Reuters WASHINGTON (Reuters) — President-elect Donald Trump rejected as “ridiculous” U.S. intelligence reports that Russia intervened in the presidential election on his behalf through targeted hacking, putting him at odds with top lawmakers who vowed to investigate the findings.
He blamed Democrats for news reports on the intelligence findings and said he did not believe they came from the Central Intelligence Agency.
“I think it’s ridiculous. I think it’s just another excuse.
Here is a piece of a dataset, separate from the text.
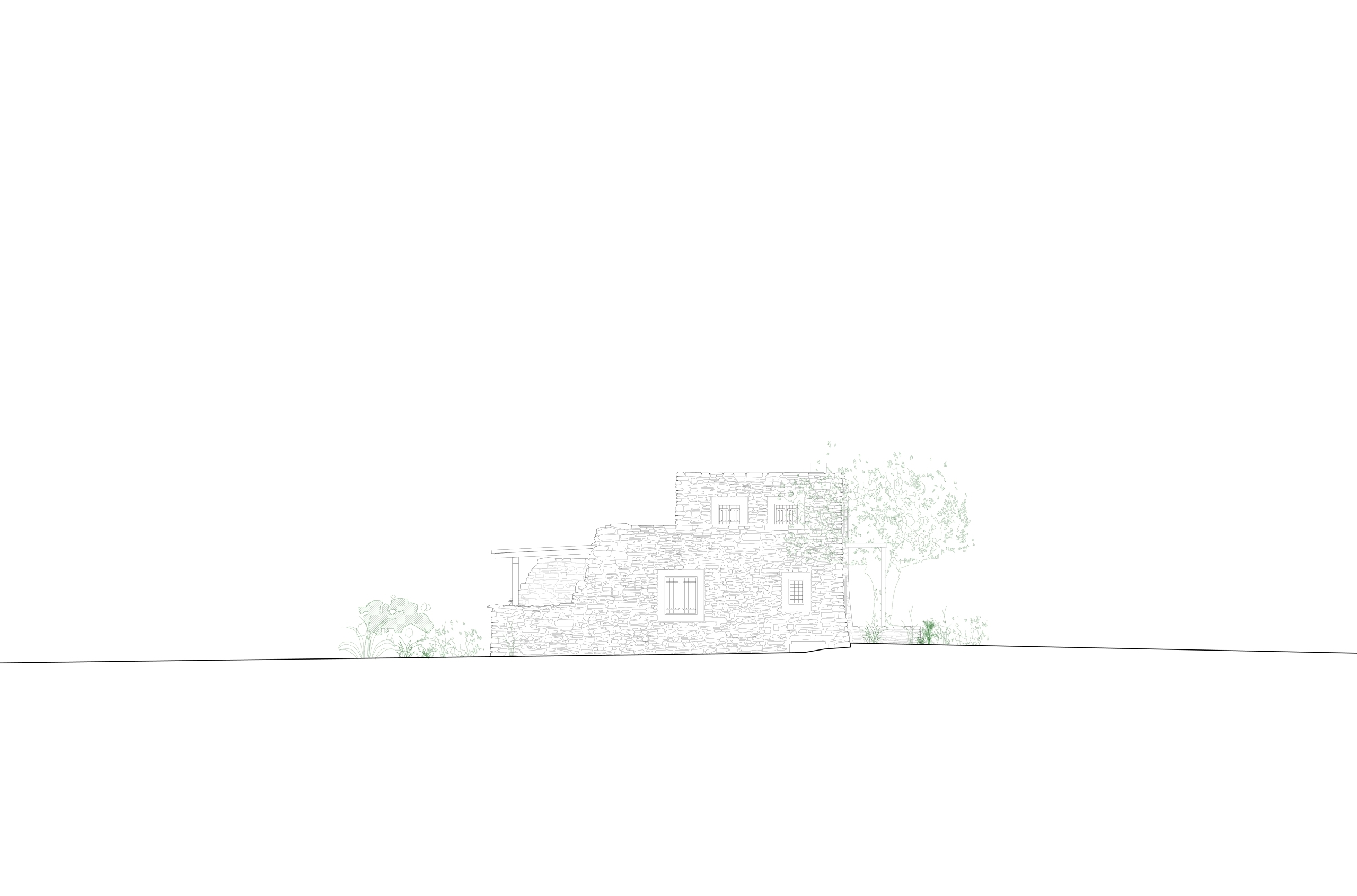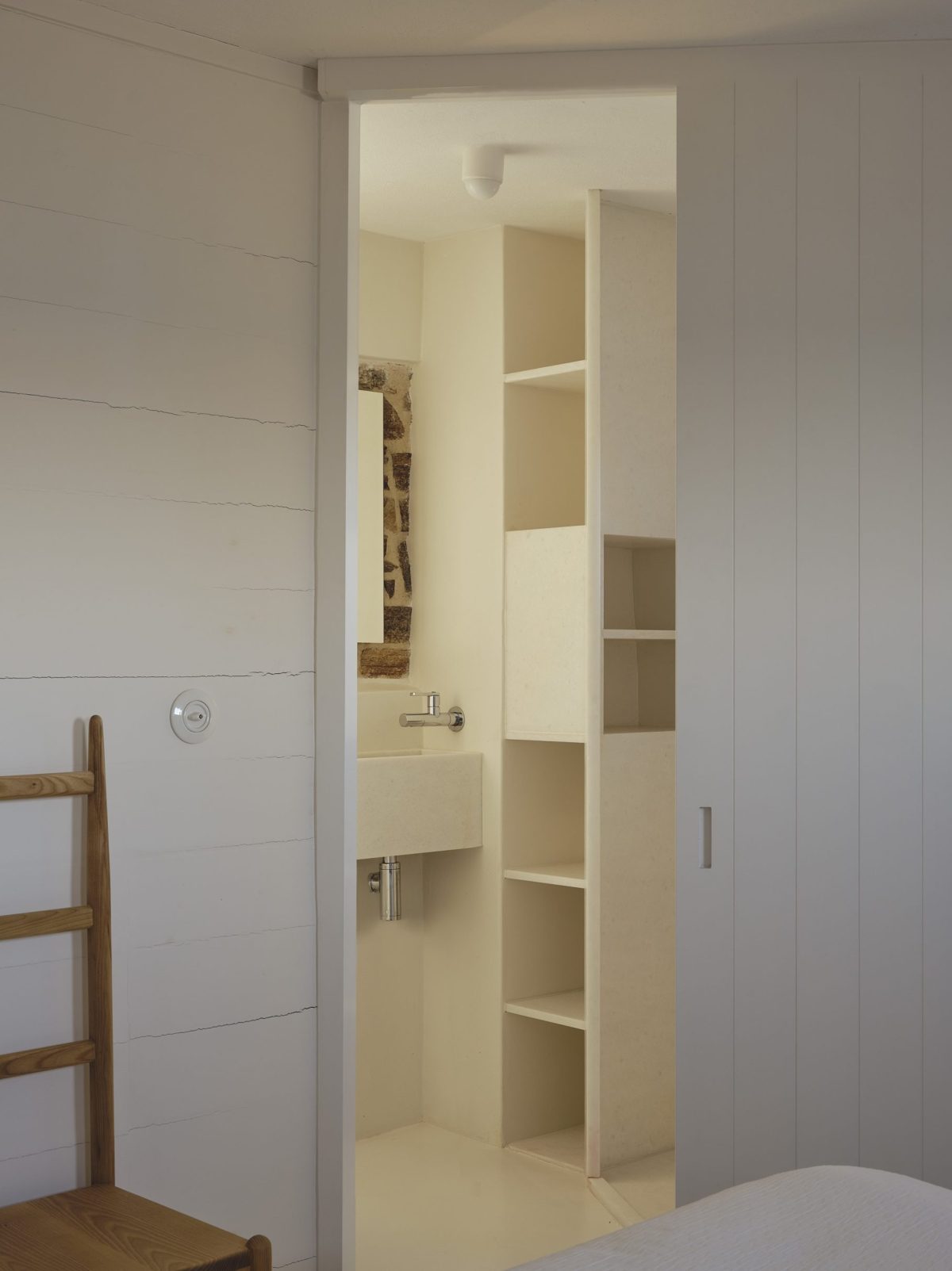 For the interiors, we preserved existing materials while introducing white-painted solid oak wood and Naxos marble from the neighboring island. We approached the layout like acupuncture—making small, strategic changes for maximum impact. Our interventions focused on rearranging interior spaces, particularly the bathrooms and kitchen cabinetry, to improve functionality. The combination of natural, local materials with clean lines creates harmony between vernacular and contemporary aesthetics.

I don’t believe it,” Trump said in an interview on “Fox News Sunday.”
Trump’s reluctance to blame Russia for interfering in the U.S. election has raised concerns among U.S. officials who fear he will go soft on Moscow at a time when they are worried about its increasingly aggressive behavior on cyber-attacks and in Crimea, Ukraine and Syria.
A U.S. intelligence official, speaking on condition of anonymity, harshly criticized Trump’s rejection of the assessment that Russian hacking was intended to boost the president-elect’s prospects in the Nov. 8 election.
“It’s concerning that intelligence on Russian actions related to the U.S. election is being dismissed out of hand as false or politically partisan,” said the U.S. intelligence official.
“The inclination to ignore such intelligence and impugn the integrity of U.S. intelligence officials is contrary to all that is sacred to national security professionals who work day and night to protect this country.”
The unusually harsh comment underscored the unprecedented tensions that Trump has created with the intelligence community he will command even before he’s been sworn into office.
Two leading U.S. Senate foreign policy voices from Trump’s own party expressed alarm on Sunday about the possibility of Moscow tipping the scales in favor of an American presidential candidate and promised to begin investigating immediately.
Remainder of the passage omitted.